31.6 Complete Generation Function

def generate_text(model, prompt, max_tokens=100,
                  temperature=0.8, top_k=50, top_p=0.9):
    """
    Generate text from a prompt.

    Args:
        model: Trained GPT model
        prompt: Text prompt
        max_tokens: Maximum tokens to generate
        temperature: Sampling temperature
        top_k: Top-k filtering
        top_p: Nucleus sampling threshold
    """
    enc = tiktoken.get_encoding("gpt2")

    # Encode prompt
    tokens = enc.encode(prompt)
    idx = Tensor([tokens])

    # Generate
    model.eval()
    for _ in range(max_tokens):
        idx_cond = idx if idx.shape[1] <= model.config.block_size else \
                   idx[:, -model.config.block_size:]

        logits, _ = model(idx_cond)
        logits = logits[:, -1, :] / temperature

        # Top-k filtering
        if top_k:
            top_k_vals = np.sort(logits.data[0])[-top_k]
            logits.data[logits.data < top_k_vals] = -np.inf

        probs = softmax(logits, axis=-1).data[0]

        # Top-p filtering
        if top_p < 1.0:
            sorted_idx = np.argsort(probs)[::-1]
            cumsum = np.cumsum(probs[sorted_idx])
            cutoff = np.searchsorted(cumsum, top_p) + 1
            mask = np.zeros_like(probs)
            mask[sorted_idx[:cutoff]] = 1
            probs = probs * mask
            probs = probs / probs.sum()

        # Sample
        next_token = np.random.choice(len(probs), p=probs)
        idx = Tensor(np.concatenate([idx.data, [[next_token]]], axis=1))

        # Stop at end-of-text token
        if next_token == enc.eot_token:
            break

    # Decode
    return enc.decode(idx.data[0].astype(int).tolist())

31.7 Example Usage

# Load trained model
model = GPT(GPTConfig())
model.load_state_dict(np.load("gpt_shakespeare.npz"))

# Generate text
prompt = "To be or not to be"
generated = generate_text(
    model,
    prompt,
    max_tokens=100,
    temperature=0.8,
    top_k=50
)

print(generated)

Example output (Shakespeare-trained):

To be or not to be, that is the question:
Whether 'tis nobler in the mind to suffer
The slings and arrows of outrageous fortune,
Or to take arms against a sea of troubles...

31.8 Part VIII Complete!

Tip

The Grand Finale!
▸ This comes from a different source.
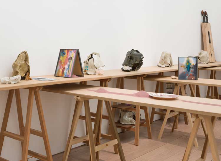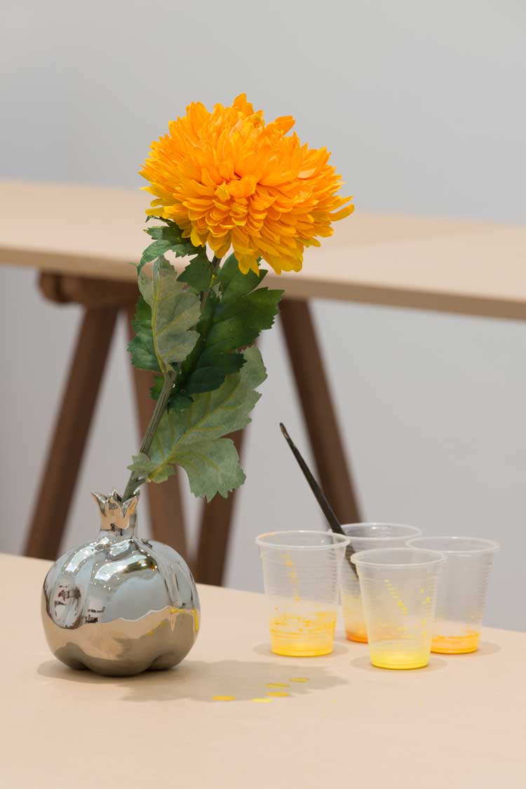 Pigment is important to Mackie, and in the Bridget Riley Gallery, a fabulous paint-drenched plastic marigold “drips” its colour into empty plastic cups beneath its petals. This is one of many disparate yet linked objects in the room’s overall installation, The Judges II (2011), which approximates Mackie’s studio, and which she describes as an “open system” in which “no one reading is dictated”. The installation was loosely inspired by a visit to the lava tubes of an extinct volcano in Australia, and the room also includes scientific illustrations of jellyfish, made up from thousands of tiny dots, which closely resemble the shape of the atomic cloud also pictured. Then there are several abstracted clay objects, which, if looked at closely, morph into human faces, reflecting the phenomenon of pareidolia – seeing faces in things – and echoing those Mackie saw in the petrified folds of magma. A series of Indian ink drawings – splat upon splat upon splat, in a most beautiful manner – are derived from nuclear test images. Everything in this room has been carefully selected and placed, and the wooden trestle tables were made by Mackie’s own hand, too, from tulip, walnut or cedar. Throughout the installation, Mackie pivots between intentional creation and contingency; the inks, clay and pigments have been manipulated rapidly to allow for unforeseen possibilities and to mimic geological forces.

You’ve built GPT from scratch!

  • ✓ Embeddings (token + position)
  • ✓ Attention mechanism
  • ✓ Multi-head attention
  • ✓ Transformer blocks
  • ✓ Complete GPT model
  • ✓ Text generation

You understand every layer, every gradient, every token.

31.9 Summary

Text generation strategies:

Method Description Use Case
Greedy Pick highest prob Fast, deterministic
Temperature Scale logits Control randomness
Top-K Sample from top K Balance quality/diversity
Top-P Sample from nucleus Adaptive filtering

Congratulations! You’ve built a complete deep learning framework and trained GPT. The principles you’ve learned apply to all modern AI systems.